Well this is how it is that a lot ideas that seem like they should work don't actually work so well in practice. I believe the important thing is to keep thinking them up and testing them (and keeping one's mouth shut until they have been tested, oops).

I have more to say about this but am thinking it will be more appropriate if I do a blog entry about it, maybe this weekend. The dynamical picture is richer than the kinematical one.

I stand by to be corrected, but I am becoming increasingly convinced Thomas's 1927 paper is seriously flawed. Not the derivation of Thomas precession, nor its existence or description, but rather his analysis of the hydrogen atom. Specifically, and I'll be interested here to know how I have it wrong, in his neglect of the orbit precession in the intrinsic magnetic field of the electron. He has that the electron spin axis precesses due to the proton charge, but states the following with respect to the orbit (on page 15, and I provided a link above to where the paper may be viewed online):

"The secular change of the orbit will be the relativity plus screening precession in its own plane, the Larmor precession of its normal about the external magnetic field, and the effect of the unknown second order terms in equations..."

Secular change just means the time derivative. The second part is the precession of the perihelion, not the orbit normal. Thomas proceeds to suppose that the third part due to the higher-order terms is just what's needed to balance out the angular momentum variation of the spin due to its precession, and assumes that it does. Out of this comes that the total angular momentum is a constant of the motion, that it is consistent to associate a non-orbital angular momentum with the electron, and that the spin axis and orbital plane precess around the total with constant angular velocity. When there is an external magnetic field then the total precesses around it and then the spin and orbit precess around the precessing total. This is exactly the picture that is found in many older and introductory quantum physics texts, as for example in Eisberg and Resnick. I have often wondered what was the original source of that picture, and now I'm confident it's Thomas 1927.

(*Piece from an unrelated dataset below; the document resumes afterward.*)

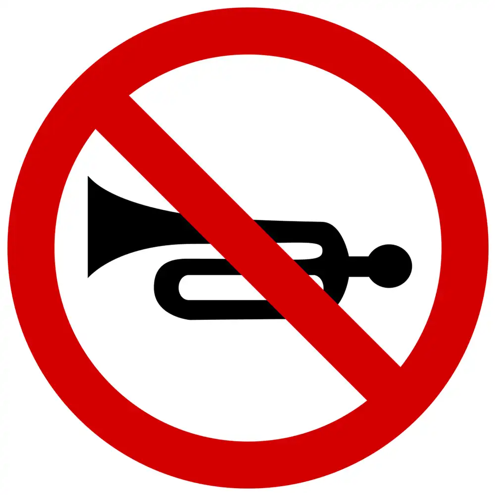 Znak drogowy B-29 "zakaz używania sygnałów dźwiękowych" zabrania używania sygnałów dźwiękowych, chyba że jest to spowodowane koniecznością ostrzeżenia innych uczestników ruchu przed bezpośrednim zagrożeniem bezpieczeństwa ruchu.
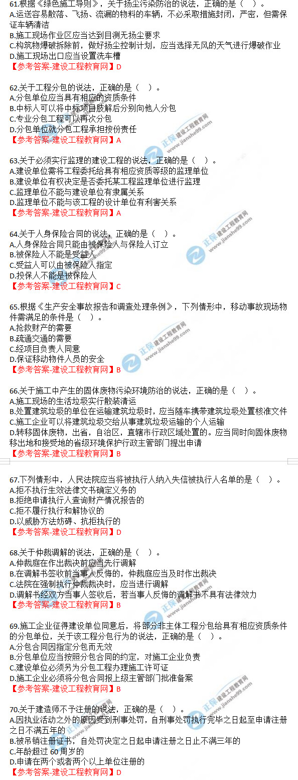 2019年一级建造师《建设工程法规及相关知识》试题答案及解析61-70

The easiest way to see that something is missing in this picture is to consider the situation in the electron rest frame where the proton is orbiting around the electron. Thomas's analysis is consistent with and uses that the electron spin axis is precessing in the magnetic field of the moving proton in this frame. There is more than just the Thomas precession in his equations. (That is, in his eq. 4.121, which is also in Jackson, the third term of the leading factor on the right, has both the Thomas contribution of one-half plus the g/2 part that is the spin magnetic moment precession in the absence of Thomas precession, in the field of the proton (magnetic or electric depending on frame of reference). So, it seems only necessary to me, ostensible kinematical treatment or no, that the torque on the orbit plane due to the electron intrinsic magnetic moment needs to be included as well. In the electron rest frame this is easy to see as due to the magnetic force on the proton charge moving through the electron's intrinsic magnetic field. In the laboratory frame it is not so easy to see and it mystified me for a year. However I now am fairly confident it is explainable as resulting from the electric dipole moment that is acquired by a moving (electron intrinsic in this case) magnetic dipole. The torque on the electron orbit is the result of the force on the electric dipole moment due to the anisotropy of the electric field of the proton. (When I say I am fairly confident I nean that I have been through the calculation already but haven't yet finished checking it especially for sign errors. But I think it will hold up and it has to under Lorentz covariance because there is clearly a torque there in the electron rest frame.)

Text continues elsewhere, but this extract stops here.